Brian Moore died May 27, 1997, the day after Memorial
Day. He was driving home from a friend's house when his
car went off Bulen-Pierce Road in Pickaway County and
struck a utility pole. He emerged from the wreck
unharmed but stepped on a downed power line and was
electrocuted.
The Moore's framed a copy of Brian's essay and hung it
among the family portraits in the living room. 'I think
God used him to make a point. I think we were meant to
find it and make something out of it,' Mrs. Moore said
of the essay. She and her husband want to share their
son's vision of life after death. 'I'm happy for Brian.

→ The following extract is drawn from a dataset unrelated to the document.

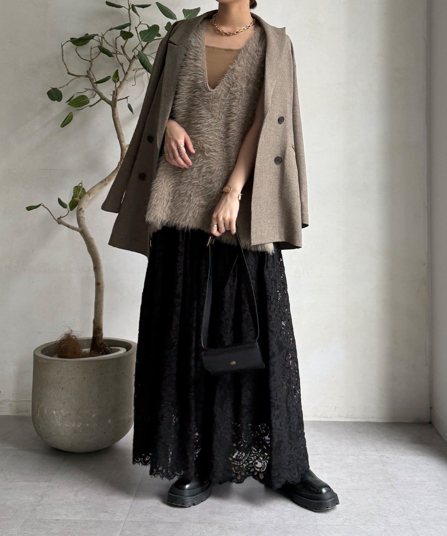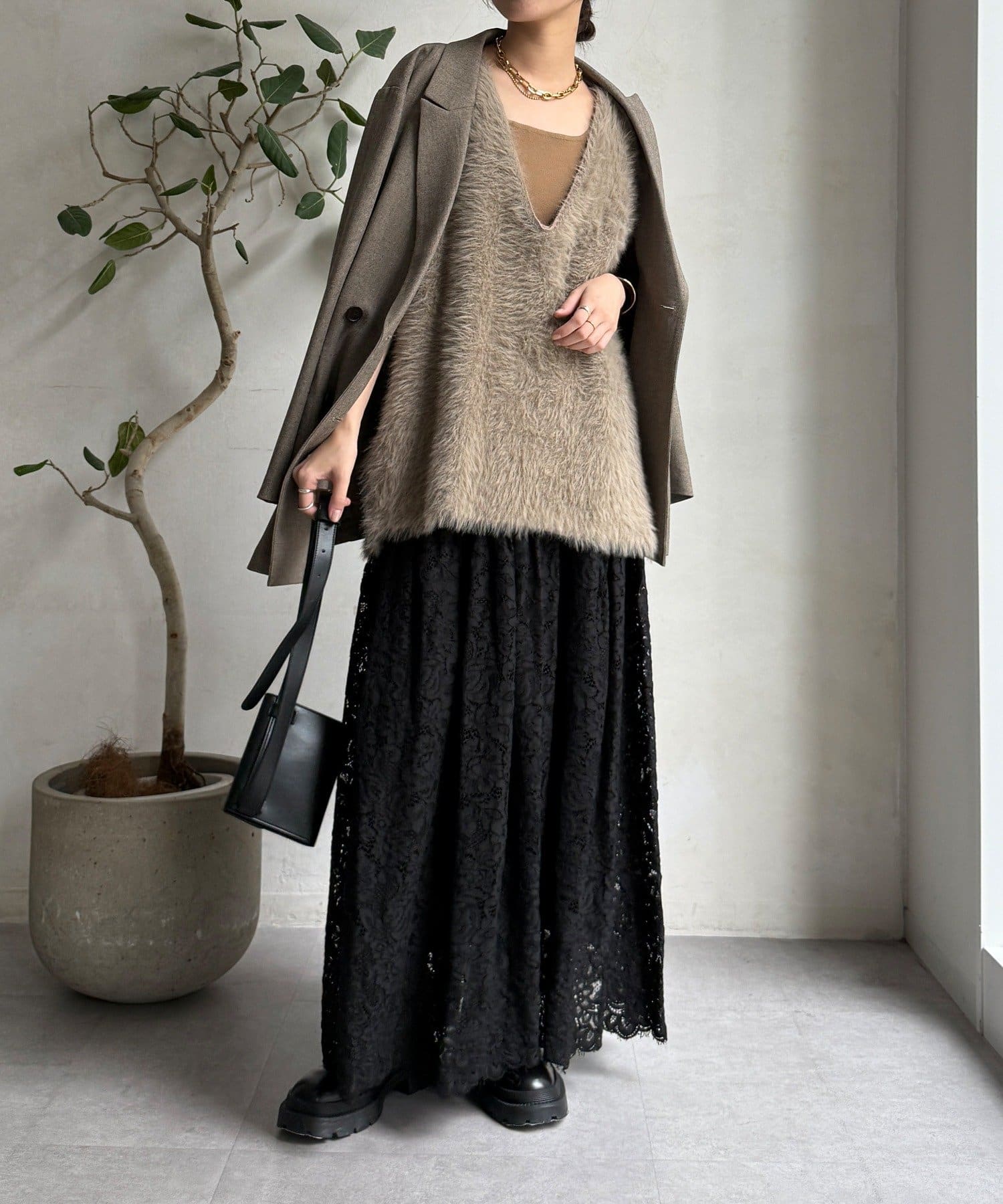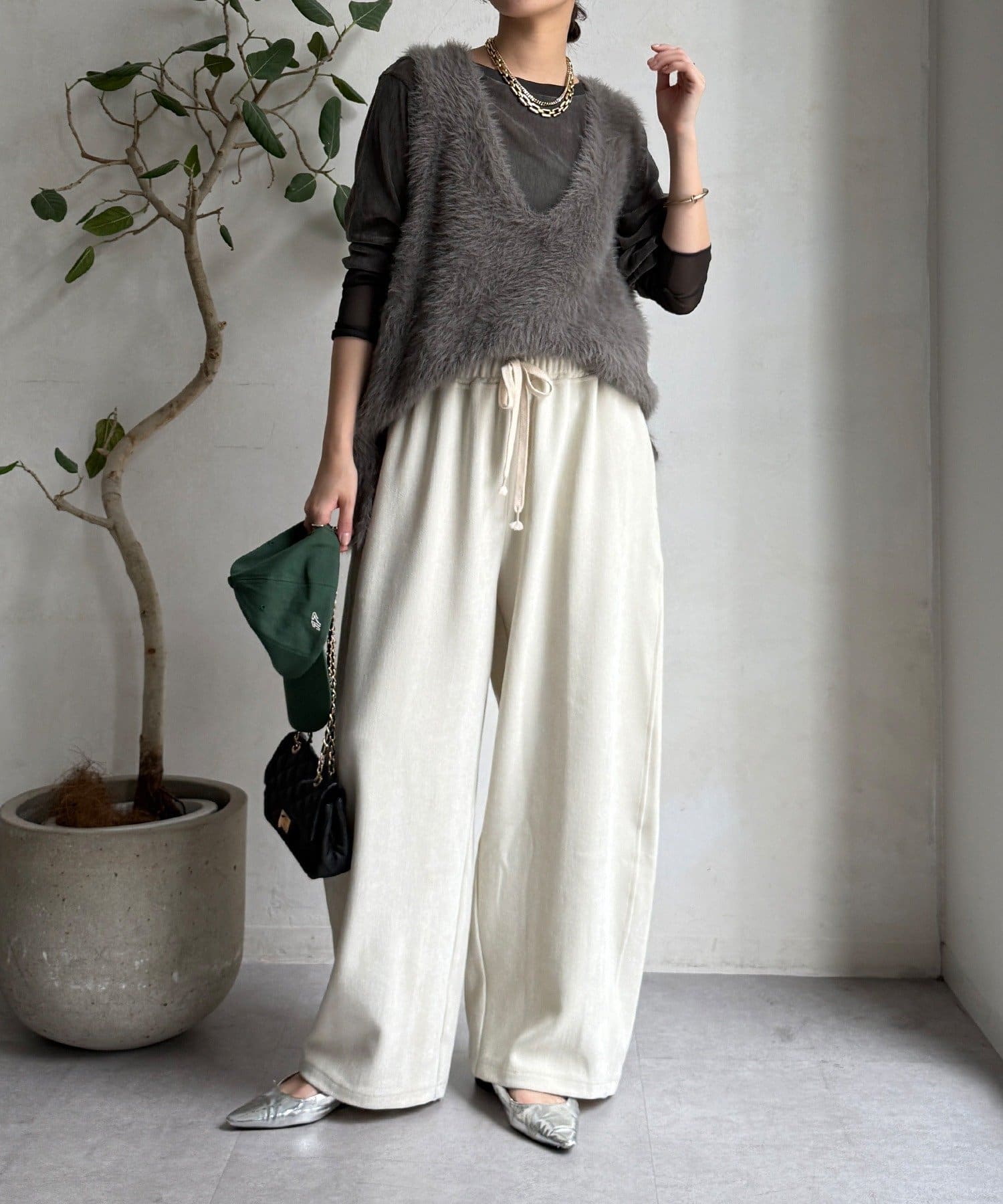 毛足のあるふわふわ素材が季節感をグッと高め、どんなスタイルにもすんなり馴染みます。

I know he's in heaven. I know I'll see him.'
Brian's Essay: The Room...
In that place between wakefulness and dreams, I found
myself in the room. There were no distinguishing
features except for the one wall covered with small
index card files. They were like the ones in libraries
that list titles by author or subject in alphabetical
order. But these files, which stretched from floor to
ceiling and seemingly endless in either direction, had
very different headings. As I drew near the wall of
files, the first to catch my attention was one that read
'Girls I have liked.' I opened it and began flipping
through the cards. I quickly shut it, shocked to realize
that I recognized the names written on each one. And
then without being told, I knew exactly where I was.
This lifeless room with its small files was a crude
catalog system for my life. Here were written the
actions of my every moment, big and small, in a detail
my memory couldn't match. A sense of wonder and
curiosity, coupled with horror, stirred within me as I
began randomly opening files and exploring their
content. Some brought joy and sweet memories; others a
sense of shame and regret so intense that I would look
over my shoulder to see if anyone was watching.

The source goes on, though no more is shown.